*Work instructions*: A picture-free, exact reproduction of the listing that follows is required.

*Dataset extract*:
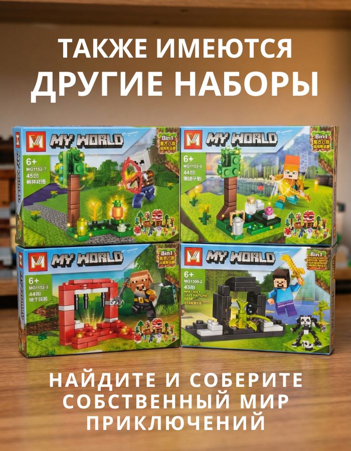 Серия детских конструкторов MY WORLD — это увлекательные игровые наборы, с помощью которых ребёнок может собрать собственный мир приключений. Каждый набор представляет отдельную сцену и может использоваться как самостоятельно, так и в сочетании с другими конструкторами серии.
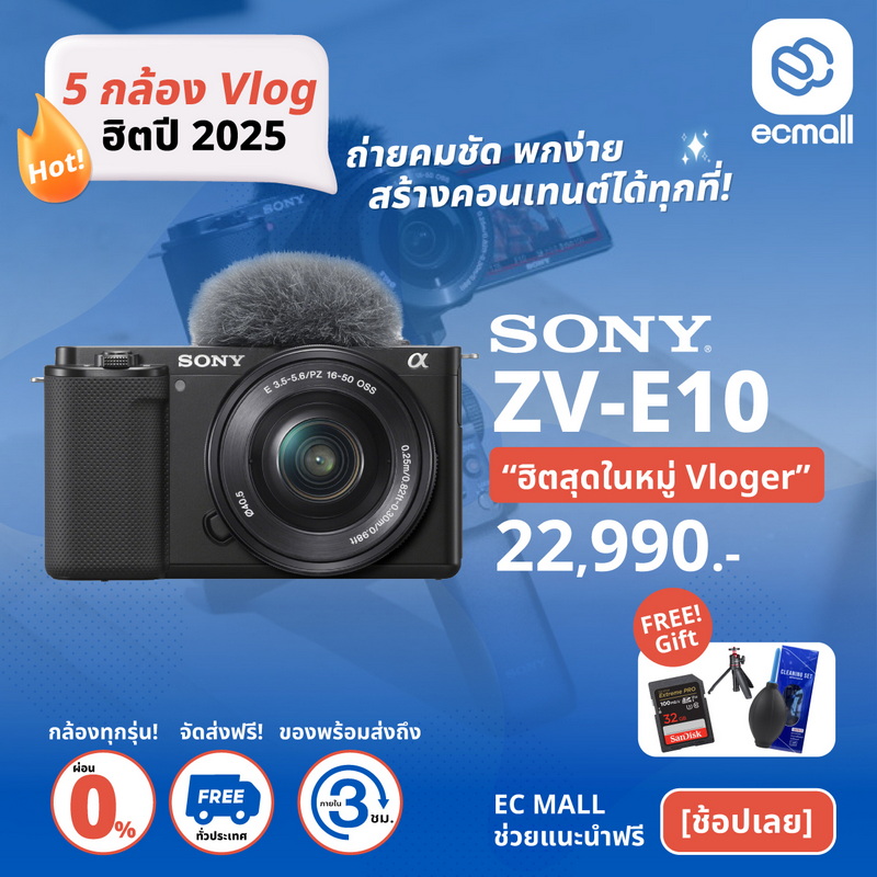 ถ่าย Vlog ได้สวยชัดทั้งภาพนิ่งและวิดีโอ เสียงดีจากไมค์ในตัว เปลี่ยนเลนส์ได้ ใช้งานร่วมกับเลนส์ Sony ได้หลากหลาย
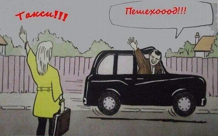 Такси и пешеход.
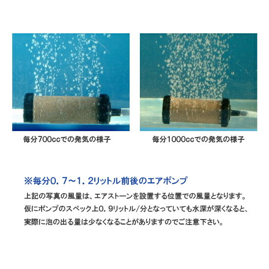 ■いぶきエアストーンの特徴 ・エアストーン全体からムラなく均一に出る細かい泡で、水槽内にすばやく酸素を供給することができます。 ・好気性(酸素が好きな性質)の硝化バクテリアの働きも一層活発になり、水質も良くなります。 ・1200度の高温で焼結したセラミック製品ですので、丈夫で形崩れすることがありません。 ・適度な重量があり、水槽内で水中で動き出す心配もありません。 ★使用前に水に浸けて下さい! 製品の中に空気が残った状態のままでエアを送ると空気が残っているところはエアが通りやすいので、 そこからばかり泡が出ることになってしまいます。 水に浸けて製品の中に残っているエアを全部抜いてください。 ■23φ×60の特徴 ・23φシリーズはもともと業務用として開発された商品です。 ・セラミック部分の直径は約23mm、チューブの差込口まで含めた長さは約80mmです。 ・長さが短いので一般の水槽はもちろんバケツなどでもお使いいただけます。汎用エアストーンとしてお勧めのモデルです。 ・直径が23mmと若干太めですが、両端についたプラスチックパーツのリブで水槽内で転がることもなく設置出来ます。 ・泡の出方も安定していますので、安心してお使いいただくことが出来ます。 ただし、プラスチックパーツがセラミックにかぶる形状になっているため、その部分から少し大きめの泡が出ることがあります。 ■製品仕様 品名 23φ×60 製品寸法直径約23mm×長さ約80mm 製品重量約60g ホース差込口内径4〜5mmのホース用 適正風量2リットル/分 ■エアポンプ風量との関係 どのエアストーンにどの風量のエアーポンプがいいかということはエアストーンのサイズはもちろん、 水深とも大きく関係します。 例えば、風量が1000ccのエアポンプでも、水深20cmでお使いになるのと水深40cmで お使いになるのでは実際の風量が大きく変わりますので、その点もご注意下さい。 ■円柱ストーン製品の名称についての説明例 最初に出てくるφの前の数字はセラミック部分の直径を表します。 そして次に出てくる×の後ろの数字がセラミック部分の長さを表しています。 例えば23φ×100でしたら、セラミック部分の直径が23ミリで、長さが100ミリと いうことになります。 セラミック部分のサイズを表す数字を使っておりますので、実際の商品の大きさは 両端につけるプラスチックパーツの分だけ大きくなっておりますのでご注意下さい。 例えば23φ×100でしたら、プラスチック部分も含めたサイズは 直径27mm、長さ120mmとなります。 上記のように製品名称よりも実際のサイズが大きくなっておりますので、 商品をお選びいただく際にはご自身の水槽に入る大きさかどうか 必ずお確かめいただきますようお願いします。 鯉 錦鯉池 錦鯉水槽 金魚池 金魚水槽 エアーストーン 錦鯉販売 錦鯉通販の大谷錦鯉店 鯉 錦鯉1匹より販売 水槽錦鯉も販売中

*Task output*:
 Серия детских конструкторов MY WORLD — это увлекательные игровые наборы, с помощью которых ребёнок может собрать собственный мир приключений. Каждый набор представляет отдельную сцену и может использоваться как самостоятельно, так и в сочетании с другими конструкторами серии.
 ถ่าย Vlog ได้สวยชัดทั้งภาพนิ่งและวิดีโอ เสียงดีจากไมค์ในตัว เปลี่ยนเลนส์ได้ ใช้งานร่วมกับเลนส์ Sony ได้หลากหลาย
 Такси и пешеход.
 ■いぶきエアストーンの特徴 ・エアストーン全体からムラなく均一に出る細かい泡で、水槽内にすばやく酸素を供給することができます。 ・好気性(酸素が好きな性質)の硝化バクテリアの働きも一層活発になり、水質も良くなります。 ・1200度の高温で焼結したセラミック製品ですので、丈夫で形崩れすることがありません。 ・適度な重量があり、水槽内で水中で動き出す心配もありません。 ★使用前に水に浸けて下さい! 製品の中に空気が残った状態のままでエアを送ると空気が残っているところはエアが通りやすいので、 そこからばかり泡が出ることになってしまいます。 水に浸けて製品の中に残っているエアを全部抜いてください。 ■23φ×60の特徴 ・23φシリーズはもともと業務用として開発された商品です。 ・セラミック部分の直径は約23mm、チューブの差込口まで含めた長さは約80mmです。 ・長さが短いので一般の水槽はもちろんバケツなどでもお使いいただけます。汎用エアストーンとしてお勧めのモデルです。 ・直径が23mmと若干太めですが、両端についたプラスチックパーツのリブで水槽内で転がることもなく設置出来ます。 ・泡の出方も安定していますので、安心してお使いいただくことが出来ます。 ただし、プラスチックパーツがセラミックにかぶる形状になっているため、その部分から少し大きめの泡が出ることがあります。 ■製品仕様 品名 23φ×60 製品寸法直径約23mm×長さ約80mm 製品重量約60g ホース差込口内径4〜5mmのホース用 適正風量2リットル/分 ■エアポンプ風量との関係 どのエアストーンにどの風量のエアーポンプがいいかということはエアストーンのサイズはもちろん、 水深とも大きく関係します。 例えば、風量が1000ccのエアポンプでも、水深20cmでお使いになるのと水深40cmで お使いになるのでは実際の風量が大きく変わりますので、その点もご注意下さい。 ■円柱ストーン製品の名称についての説明例 最初に出てくるφの前の数字はセラミック部分の直径を表します。 そして次に出てくる×の後ろの数字がセラミック部分の長さを表しています。 例えば23φ×100でしたら、セラミック部分の直径が23ミリで、長さが100ミリと いうことになります。 セラミック部分のサイズを表す数字を使っておりますので、実際の商品の大きさは 両端につけるプラスチックパーツの分だけ大きくなっておりますのでご注意下さい。 例えば23φ×100でしたら、プラスチック部分も含めたサイズは 直径27mm、長さ120mmとなります。 上記のように製品名称よりも実際のサイズが大きくなっておりますので、 商品をお選びいただく際にはご自身の水槽に入る大きさかどうか 必ずお確かめいただきますようお願いします。 鯉 錦鯉池 錦鯉水槽 金魚池 金魚水槽 エアーストーン 錦鯉販売 錦鯉通販の大谷錦鯉店 鯉 錦鯉1匹より販売 水槽錦鯉も販売中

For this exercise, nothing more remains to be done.